[Opening Raw data section]

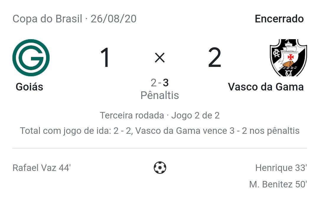 26/08/2020 - Goiás 1 x 2 Vasco, pela Copa do Brasil, no jogo em que o lateral Henrique marcou o seu único gol com a camisa do Vasco no profissional.
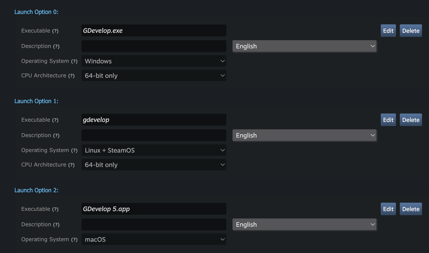 • Worse, Steam seems to be showing a wrong message indicating that "Your current macOS version is unable to run 32-bit games". This message is misleading as GDevelop games are already built for 64-bit macOS.
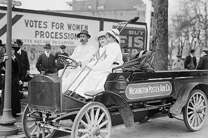 Washington poster Advertising Company Truck Carries Suffragettes armed with broom handled brushes armed to post advertising for their forthcoming march to Lafayette Square1914/USA
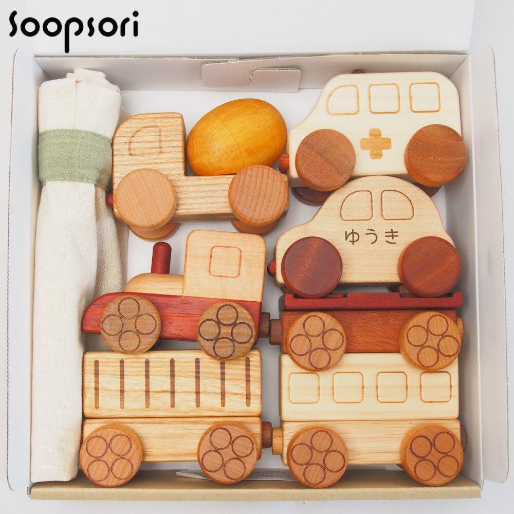 !ご注意!必ずご確認ください 木材は噛み続けると破損の原因となり危険です。スプソリの木のおもちゃは舐めても安心な無塗装ですが、何でも口に入れてしまう時期の赤ちゃんに長時間与えることはおやめください。 歯固めなど0歳向けの噛むことを前提としたおもちゃ以外は大人の目の元でお使いください。 内容機関車、客車、貨物車、トレイラー、乗用車各1台 ミキサー車、救急車各1台 収納バッグ ※客車、貨物車、トレイラー上部は車から外れます。素材木材、磁石(内蔵)、ゴム(ミキサー車)対象年齢の目安1歳半〜重さ約1kg(パッケージ含む)製造ベトナム ・木材は世界各国から輸入 ・舐めても安心EN71クリア亜麻仁油仕上げ 注意事項《磁石入り製品です》 ・おもちゃの故障がないかこまめに点検を行なってください。 ・磁石は一つの穴に一つ含まれております。 ・万が一磁石が露出した場合、磁石を回収し使用を中止してください。 ・... |
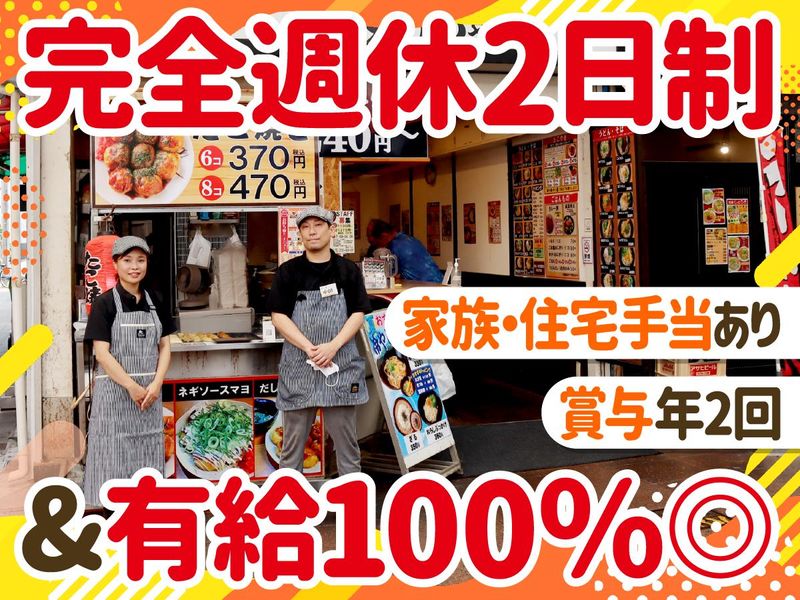 仕事内容 ✅未経験から最速3年で店長も可! ✅完全週休2日制&有給100% ✅賞与年2回◎住宅手当・家族手当あり 『チームワークを大切に』 スタッフが無理なく長く働きながら 成長していける環境づくりを実践中! その働き方とは?▶3ポイントでご紹介! ==================== ✅①チームで成長を助け、キャリアアップ ==================== 評価制度でも「仕事が早い人=偉い」ではなく 「仕事の遅い人のこともフォローできる人」 を評価しています。 一人の力量に頼る職場ではなく、 会社がチームとして社員をサポートし 成長をしていくことで、 1人1人の仕事の質も高まる。 そんなチームで成長できる環境だから 飲食未経験からの役職者が多数! 現在のマネージャーも実はその一人! 最速3年で店長を目指せるなど、 スタート関係なく、やる気や頑張りが しっかり評価されていきます◎ =================== ✅②仕事と休みのメリハリをしっかりと =================== 「完全週休2日制」「有給取得率100%」 の働き方も実現しております! また、弊社では ≪ワーク重視型≫≪ライフ重視型≫ 2種類の働き方をご提案しており、 今回推奨している ≪ワーク重視型≫の働き方について ・早く出世したい・会社を大きくしたい ・独立したい・役職を上げたい・稼ぎたい という思いのある方は 残業をしたり、出勤日数を増やしたり した働き方が可能です。 逆に≪ライフ重視型≫の ライフワークバランスを大切にした 給与は下がるものの「残業なし」。 そんな働き方も可能です◎ 最初は≪ライフ重視型≫ 後から≪ワーク重視型≫のような 働き方も可能なのでお気軽にご相談ください! ================== ✅③社員の安定は給与面でもサポート ================== 「賞与年2回」に加え、 「住宅手当」「家族手当」「退職金制度」 もあり、社員の生活の安定もサポート。 また、売上のノルマはありませんが 頑張った売上に対しての「歩合給」や キャリアアップで役職に応じた 「職能手当」も準備。 会社の成長には、社員の活躍が必須なので 社員が働きやすい環境を整えながら よりよい職場づくりを引き続き行っていきます。 ▶こんな弊社の働き方に共感できる方は ぜひ一緒に働きましょう! =========== 【具体的なお仕事は?】 =========== たこ焼き・うどん屋での ホール・調理補助業務をお任せ! マネージャーや先輩社員の 丁寧な指導があるので未経験も安心◎ ≪ホール≫ ・お客様のご案内 ・注文対応 ・料理の提供 ・片付け など ≪調理≫ まずは簡単な作業からおまかせ◎ ・うどんをつくる ・たこ焼きを焼く ・盛り付け ・皿洗い など その他 開店・閉店時の店内清掃など 店舗運営の業務に関わっていただきます。
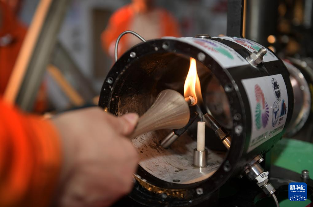 在科考船甲板面,“源火”采集組副組長,廣州海洋地質調查局副總工程師沙志彬(左)用引火棒將“源火”轉移至“源火”盒(9月18日攝)。
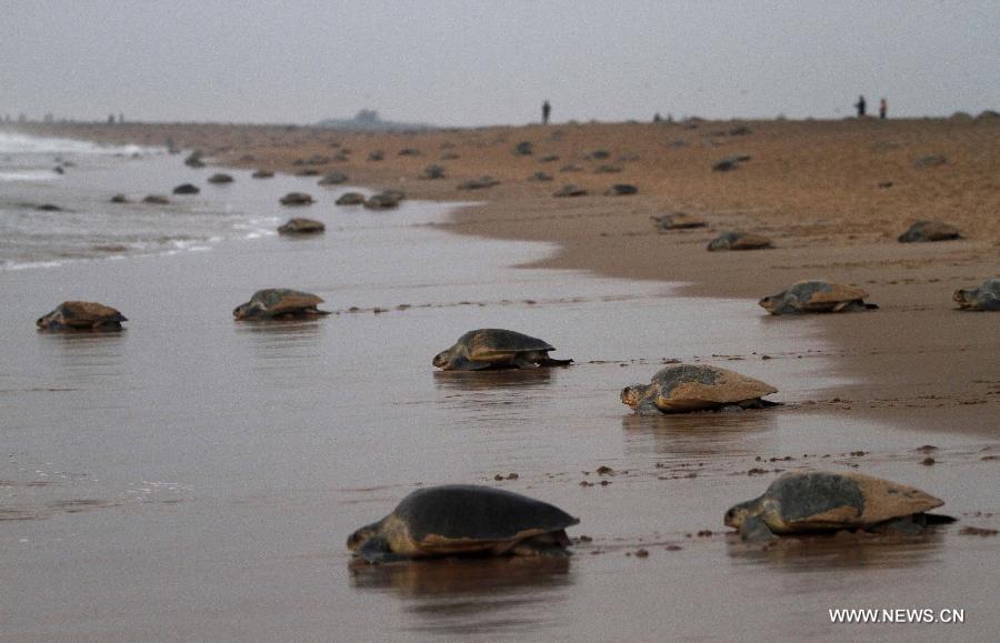 Olive Ridley turtle crawl towards the Bay of Bengal Sea after laying eggs at the mouth of Rushikulya River, around 150 km away from the eastern Indian state Orissa's capital Bhubaneswar, March 13, 2015. (Xinhua/Stringer)

[Closing Raw data section]

Your task
From the records above, copy exactly the stretch from the line holding "Washington poster Advertising" through the line holding "内容機関車、客車、貨物車、トレイラー、乗用車各1台 ミキサー車、救急車各1台 収納バッグ", both ends included, without the pictures.

Exercise solution
 Washington poster Advertising Company Truck Carries Suffragettes armed with broom handled brushes armed to post advertising for their forthcoming march to Lafayette Square1914/USA
 !ご注意!必ずご確認ください 木材は噛み続けると破損の原因となり危険です。スプソリの木のおもちゃは舐めても安心な無塗装ですが、何でも口に入れてしまう時期の赤ちゃんに長時間与えることはおやめください。 歯固めなど0歳向けの噛むことを前提としたおもちゃ以外は大人の目の元でお使いください。 内容機関車、客車、貨物車、トレイラー、乗用車各1台 ミキサー車、救急車各1台 収納バッグ ※客車、貨物車、トレイラー上部は車から外れます。素材木材、磁石(内蔵)、ゴム(ミキサー車)対象年齢の目安1歳半〜重さ約1kg(パッケージ含む)製造ベトナム ・木材は世界各国から輸入 ・舐めても安心EN71クリア亜麻仁油仕上げ 注意事項《磁石入り製品です》 ・おもちゃの故障がないかこまめに点検を行なってください。 ・磁石は一つの穴に一つ含まれております。 ・万が一磁石が露出した場合、磁石を回収し使用を中止してください。 ・... |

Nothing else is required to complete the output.